Question

How do you factor completely: $3{{x}^{2}}+12x+7$?

Answer 1

Hint: In this question we will simplify the polynomial by taking out the common term $x$, then we will solve the simplified quadratic equation and find the factors of the equation, which are the multiplication of linear terms, which will give us the required values of $x$. Since in this question we cannot solve the equation by splitting the middle term, we will use the quadratic formula which is:
$({{x}_{1}},{{x}_{2}})=\dfrac{-b\pm \sqrt{{{b}^{2}}-4ac}}{2a}$, Where $({{x}_{1}},{{x}_{2}})$ are the roots of the equation and $a,b,c$ are the coefficients of the quadratic equation.

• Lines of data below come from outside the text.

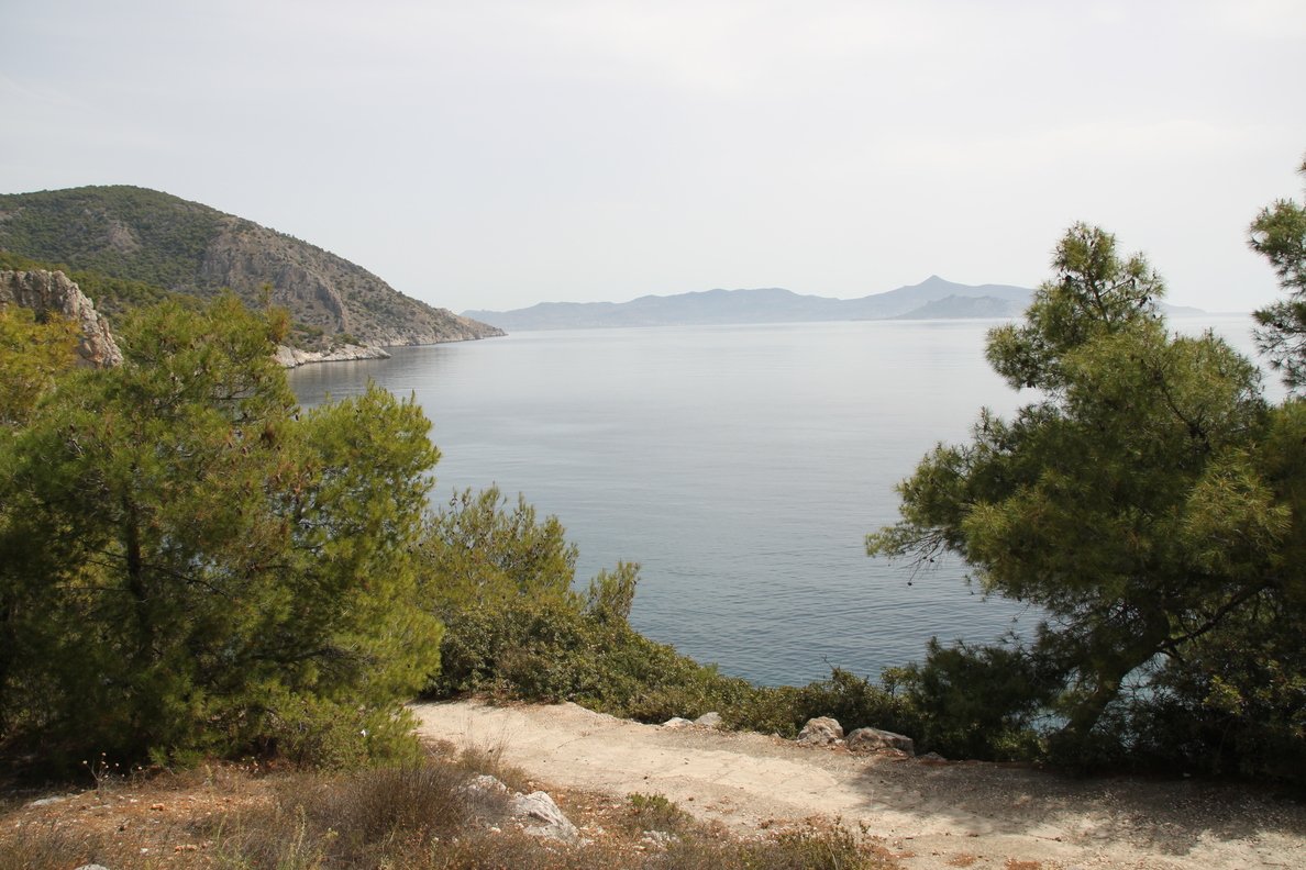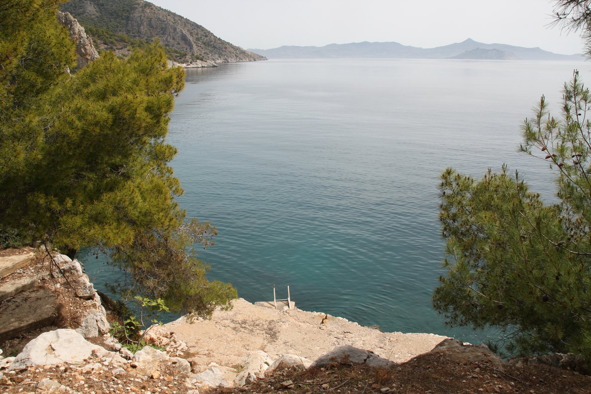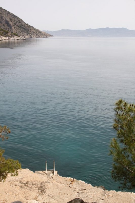 Mariza beach is basically not a beach! It is a wide rocky platform ideal for diving in deep turquoise waters. It is a pleasant surprise, a beautiful secret as it unfolds through the dense forest vegetation in this part of Agistri.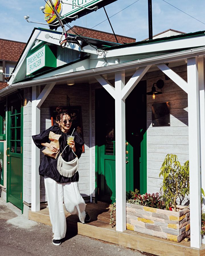 カジュアルに苦手意識のあるキレイめママにはモノトーンのスニーカースタイルを提案。甘めカットソーやシャツを使えば、いつも通りの気分でアウトドア仕様になれます。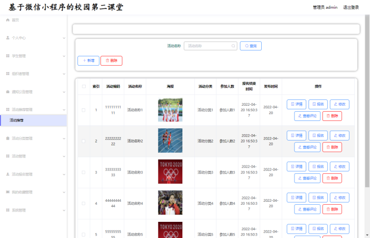 微信小程序校园第二课堂+后台管理系统|前后分离VUE》该项目含有源码、论文等资料、配套开发软件、软件安装教程、项目发布教程等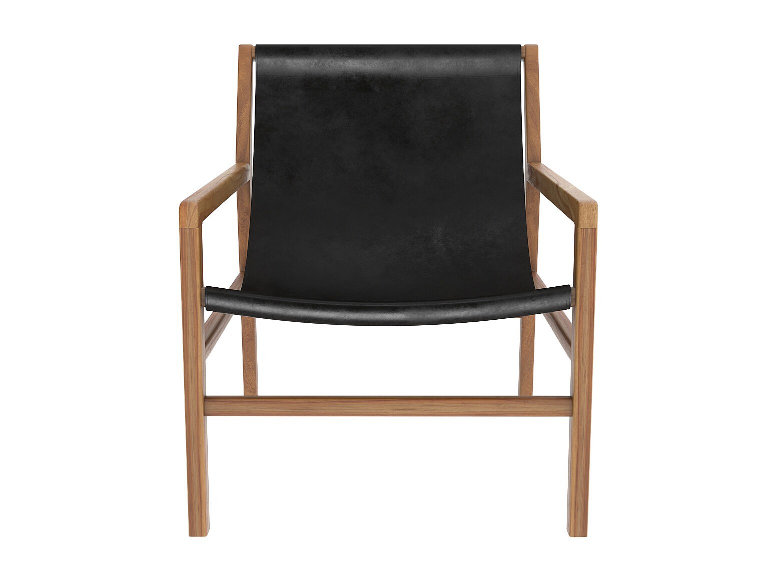 Fauteuil lounge en teck et cuir de vachette noir - Apache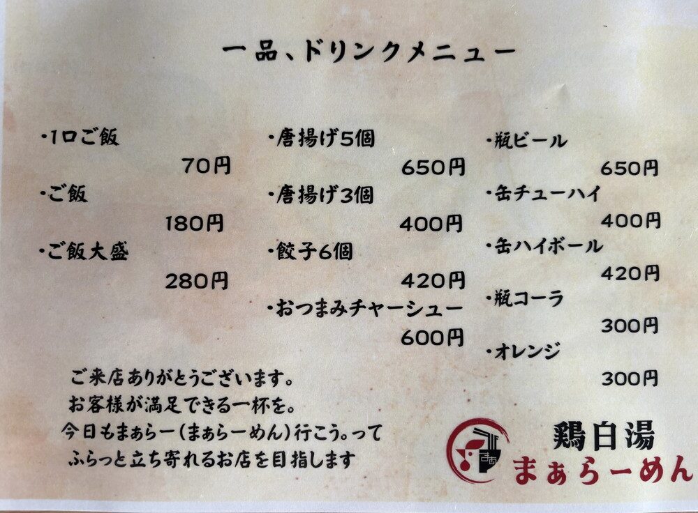 「鶏白湯まぁらーめん」はその名の通り、鶏白湯らーめんの専門店。🍜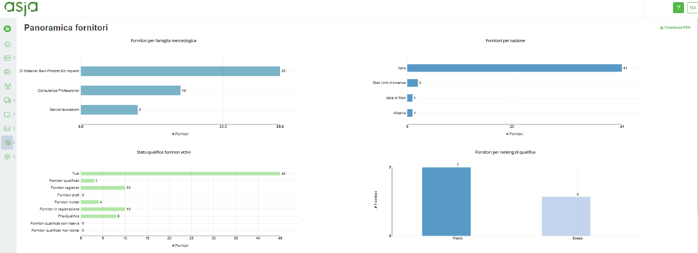 The Report section (ref. Figure 23) contains a series of graphs, useful for monitoring the management of the register and its use by suppliers. In particular, the data that can be consulted are:
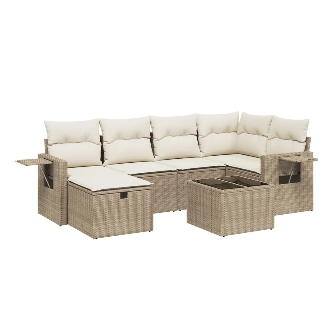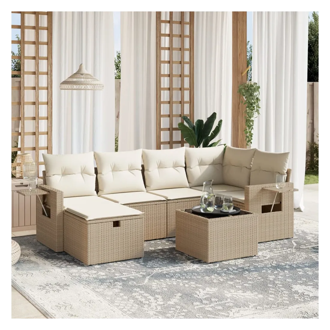 Cet ensemble de canapés de jardin est le complément parfait de votre arrière-cour, terrasse ou patio, offrant un espace confortable et accueillant pour discuter avec la famille et les amis ou simplement se détendre et profiter de l'extérieur. Matériau durable : la résine tressée, également connue sous le nom de poly rotin, est un matériau synthétique solide et nécessitant peu d'entretien qui ressemble au rotin naturel. Il est léger, facile à nettoyer et couramment utilisé pour les meubles d'extérieur en raison de sa durabilité et de ses propriétés de résistance aux intempéries.Dessus en verre : le dessus de la table d'extérieur est fabriqué en verre trempé solide et durable, ce qui le rend facile à nettoyer avec un chiffon humide et ajoute une touche d'élégance à votre espace extérieur.Housse amovible et lavable : ces coussins de siège sont dotés de housses amovibles pour un lavage et un entretien faciles.Cadre robuste et stable : le cadre en acier enduit de poudre assure la solidité et la stabilité du meuble de jardin pour une utilisation quotidienne à l'extérieur.Conception modulaire : cet ensemble de meubles d'extérieur a une conception modulaire, ce qui le rend complètement flexible et facile à déplacer, afin que vous puissiez créer un agencement de meubles d'extérieur personnalisé. Bon à savoir :Pour que vos meubles d'extérieur restent beaux, nous vous recommandons de les protéger avec une housse imperméable.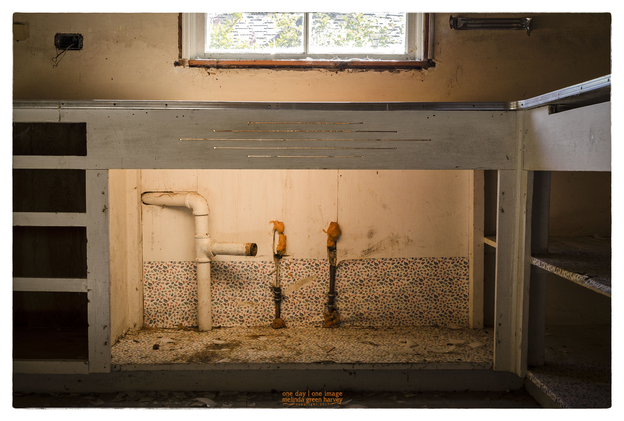 A couple of years ago my friend Ehpem and I spent some time photographing an abandoned house. I was happy to see the way the light from the window bounced around inside of the cabinet; lucky for me that the sink was gone!

Complete step by step solution:
We have the given equation as:
$\Rightarrow 3{{x}^{2}}+12x+7$
Now we the term $3{{x}^{2}}+12x+7$ in the form of a quadratic equation which has a general form $a{{x}^{2}}+bx+c$, therefore we solve it by splitting the middle term. Now in this equation, splitting the middle term is not possible therefore, we will use the quadratic formula.
In this question we have:
$a=3$
$b=12$
$c=7$
On substituting the values in the formula, we get:
$\Rightarrow ({{x}_{1}},{{x}_{2}})=\dfrac{-12\pm \sqrt{{{12}^{2}}-4(3)(7)}}{2(3)}$
On simplifying the root, we get:
\[\Rightarrow ({{x}_{1}},{{x}_{2}})=\dfrac{-12\pm \sqrt{144-84}}{2(3)}\]
On simplifying the denominator, we get:
\[\Rightarrow ({{x}_{1}},{{x}_{2}})=\dfrac{-12\pm \sqrt{144-84}}{6}\]
On simplifying the terms in the square root, we get:
\[\Rightarrow ({{x}_{1}},{{x}_{2}})=\dfrac{-12\pm \sqrt{60}}{6}\]
Now we can write the term $60$ as a product of $4\times 15$, on substituting, we get:
\[\Rightarrow ({{x}_{1}},{{x}_{2}})=\dfrac{-12\pm \sqrt{4\times 15}}{6}\]
On taking the term $4$ out of the square root, we get:
\[\Rightarrow ({{x}_{1}},{{x}_{2}})=\dfrac{-12\pm 2\sqrt{15}}{6}\]
On splitting the denominator, we get:
\[\Rightarrow ({{x}_{1}},{{x}_{2}})=\dfrac{-12}{6}\pm \dfrac{2\sqrt{15}}{6}\]
On simplifying the terms, we get:
\[\Rightarrow ({{x}_{1}},{{x}_{2}})=-6\pm \dfrac{\sqrt{15}}{3}\]
Therefore, the roots of the equation are \[{{x}_{1}}=-6+\dfrac{\sqrt{15}}{3}\] and \[{{x}_{2}}=-6-\dfrac{\sqrt{15}}{3}\].
Now the equation can be written in the factorized format as $\left( x-{{r}_{1}} \right)\left( x+{{r}_{2}} \right)$.
On substituting the roots, we get:
$\Rightarrow \left( x-\left( -6+\dfrac{\sqrt{15}}{3} \right) \right)\left( x-\left( -6-\dfrac{\sqrt{15}}{3} \right) \right)$
On simplifying the brackets, we get:
$\Rightarrow \left( x-6-\dfrac{\sqrt{15}}{3} \right)\left( x-6+\dfrac{\sqrt{15}}{3} \right)$, which is the required solution.

Note:
It is to be remembered that a polynomial equation is a combination of variables and their coefficients, the equation given above is a $2nd$ degree polynomial equation.
The factors of a polynomial equation are the terms of degree $1$, which have to be multiplied among themselves so that we get the required polynomial equation. In the question above \[-6+\dfrac{\sqrt{15}}{3}\] and \[-6-\dfrac{\sqrt{15}}{3}\] are factors of the given polynomial.